Federal Judge Blocks California Ammunition Purchase Law
“The experiment has been tried. The casualties have been counted. California’s new ammunition background check law misfires and the Second Amendment rights of California citizens have been gravely injured,” U.S. District Judge Roger Benitez wrote in a 120-page opinion granting the Association’s motion for an injunction, reported usnews.com.
“This is a devastating blow to the anti-gun-owner advocates who falsely pushed Prop 63 in the name of safety,” said Chuck Michel, President and General Counsel of the California Rifle & Pistol Association. “In truth, red tape and the state’s disastrous database errors made it impossible for hundreds of thousands of law-abiding Californians to purchase ammunition for sport or self-defense. The Court found that the flimsy reasons offered by the government to justify these Constitutional infringements … woefully inadequate.”
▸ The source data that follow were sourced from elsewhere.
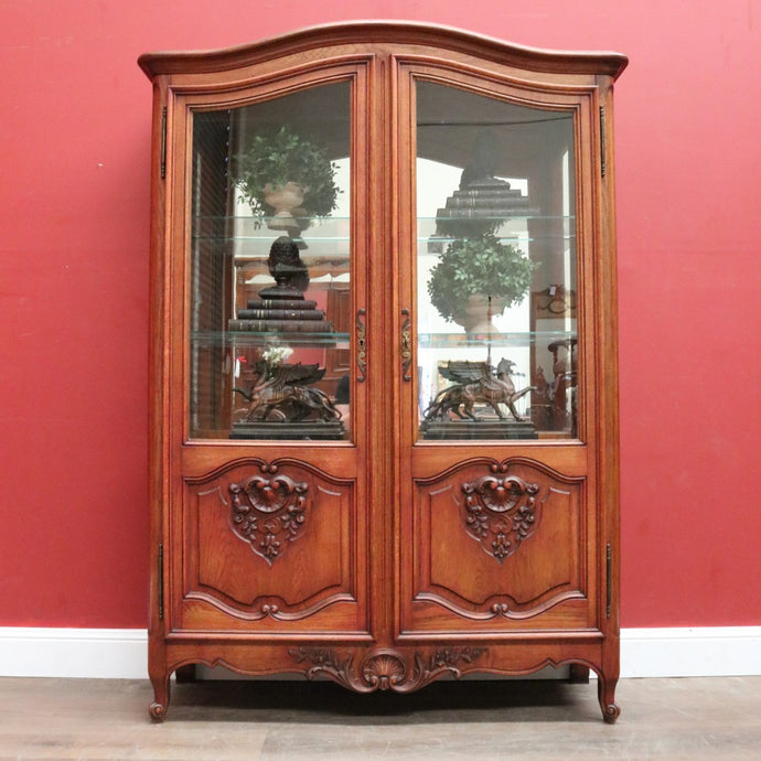 x SOLD Antique French Oak Bookcase, Eight Drawer Display Cabinet or Cupboard, Glass Doors. B12192
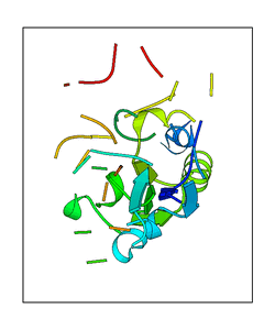 CAUTION: The amplitude range presented in these views corresponds to the highest (DQMAX) and lowest (DQMIN) perturbations chosen for this mode. Secondary structures can break down (and thus disappear from the animation) if the applied amplitudes are too large for Molscript to identify them. The choice of the amplitude is not a NMA result, but has to be done by the user on physical grounds. To change the amplitude range, you can recompute the animation of the desired mode by using the "Compute additional perturbed models with elNémo" section on the results page of your job.
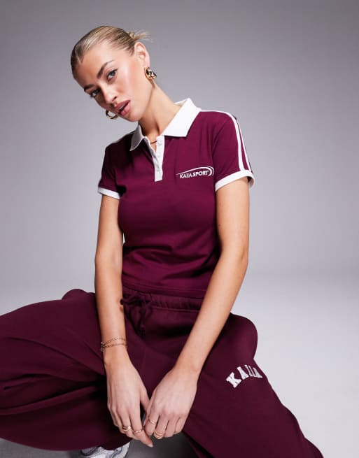 Kaiia - Bordeauxrød baby-t-shirt i bomuld med hvide kontrastkanter og polokrave - Del af sæt

Meanwhile, Giffords’ Hannah Shearer called the ruling “a dangerous step int he wrong direction.” But Michel saw the ruling as a win for law-abiding residents. “Californians can sleep a little easier tonight” knowing the judge restored some of their Constitutional rights with the decision, he told usnews.com.
California Ammunition Law Violates Second Amendment
The state also claimed the process presented no impediment to purchasers, reported usnews.com. “Ammunition purchasers must pass an eligibility check that, in the vast majority of cases, delays a purchase by a few minutes.”
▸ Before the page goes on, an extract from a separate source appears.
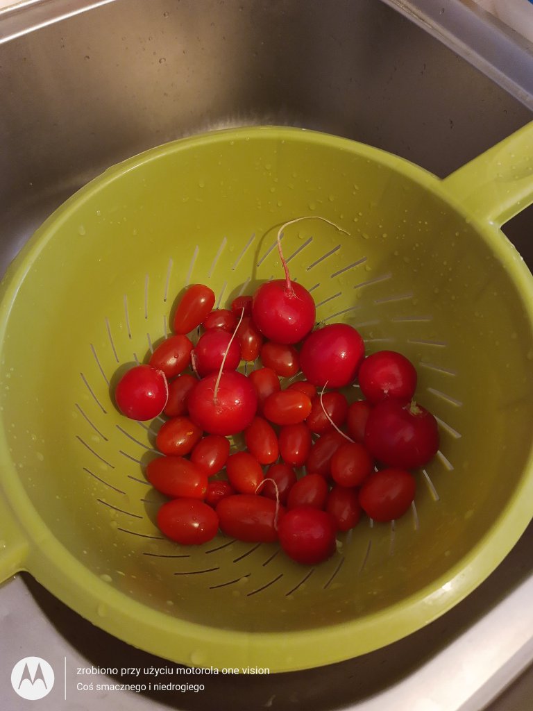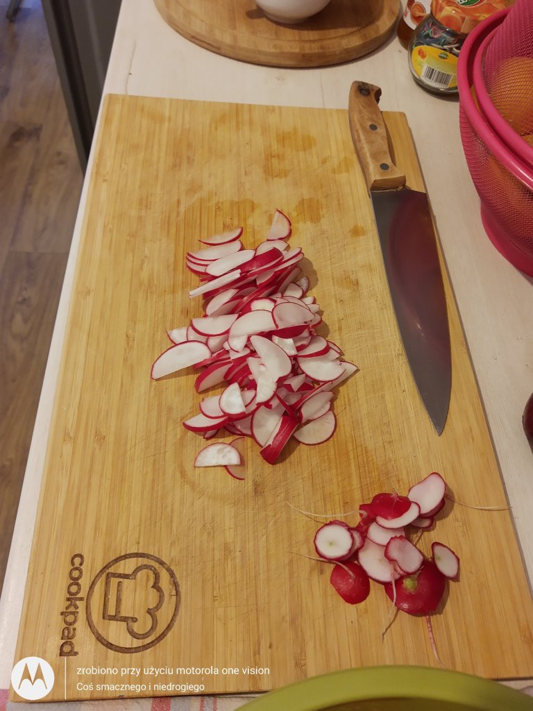 Następnie rzodkiewki myję, kroję na cieńkie pół-plasterki oraz podobnie postępuję z pomidorami, które szatkuję na połowę, a cebulę w piórka. Pozostałe ogórki obieram, myję i również kroję w pół-pasterki.

However, Judge Benitez disagreed. He found the law illegally locked out-of-state vendors from California’s market. Further, he found it conflicted with federal law and burdens the Second Amendment right of citizens.
“Criminals, tyrants, and terrorists don’t do background checks,” he wrote, according to usnews.com. “The background check experiment defies common sense while unduly and severely burdening the Second Amendment rights of every responsible, gun-owning citizen desiring to lawfully buy ammunition.”